映画のクライマックスで、福本さんが魂を込めて演じた“斬られ方”が、世界のスクリーンに刻まれました。

 トム・クルーズは撮影後、こう語りました。

「彼は本物の侍のようだった。立っているだけで、尊敬の念を抱かせる存在だった」。

 60歳を目前にしてつかんだ、世界への扉。
 それは、どんなに報われなくても、真剣に、誠実に、ひとつの道を生き抜いた時間が結実した瞬間でした。

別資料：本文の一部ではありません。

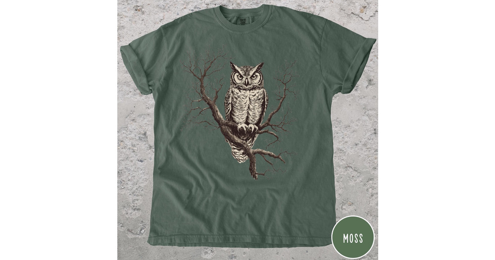 Vintage Owl Comfort Colors Tee: Gothic Forestcore Shirt
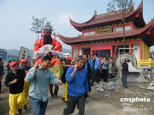 10月7日,農(nóng)歷戊子重陽節(jié),也是西漢從創(chuàng)立到穩(wěn)定的重要將領(lǐng)、舞陽侯樊噲誕辰2250年紀念日,他的故鄉(xiāng)浙江德清上柏百姓舉行重陽廟會以示紀念,祈求國家繁榮昌盛,人民安居樂業(yè)、富裕祥和。中新社發(fā) 陳德明 攝

 その後も映画『太秦ライムライト』で初主演を果たし、海外映画祭で主演男優賞に輝きます。
 名もなき存在だった福本さんの名は、世界中の観客の記憶に深く刻まれました。

 安田監督は、福本さんへの深い尊敬と感謝を胸に抱いていました。
 自主制作映画『ごはん』での共演を経て、『侍タイムスリッパー』の脚本は福本さんを想定して書かれました。
 けれど撮影を目前に、福本さんは肺がんのため77歳でこの世を去ります。

 完成した映画のなかに、安田監督は福本さんの言葉――
「頑張っていれば、誰かがどこかで見ていてくれる」――をそっと忍ばせました。
 エンドロールには「In memory of Seizo Fukumoto」の文字。

 この作品は、2025年の日本アカデミー賞で最優秀作品賞を受賞。
 授賞式の壇上で、安田監督は涙ながらに語りました。

「いつも『頑張っていれば、誰かが見てくれる』とおっしゃっていた福本清三さんに、この景色を見せてあげたかった」。

 福本さんは、こんな言葉も遺しています。

「誰だって、つらいことはある。けど、どんなにつらくても、時がたてば、それが涙が出るほど懐かしくなるときがくる」。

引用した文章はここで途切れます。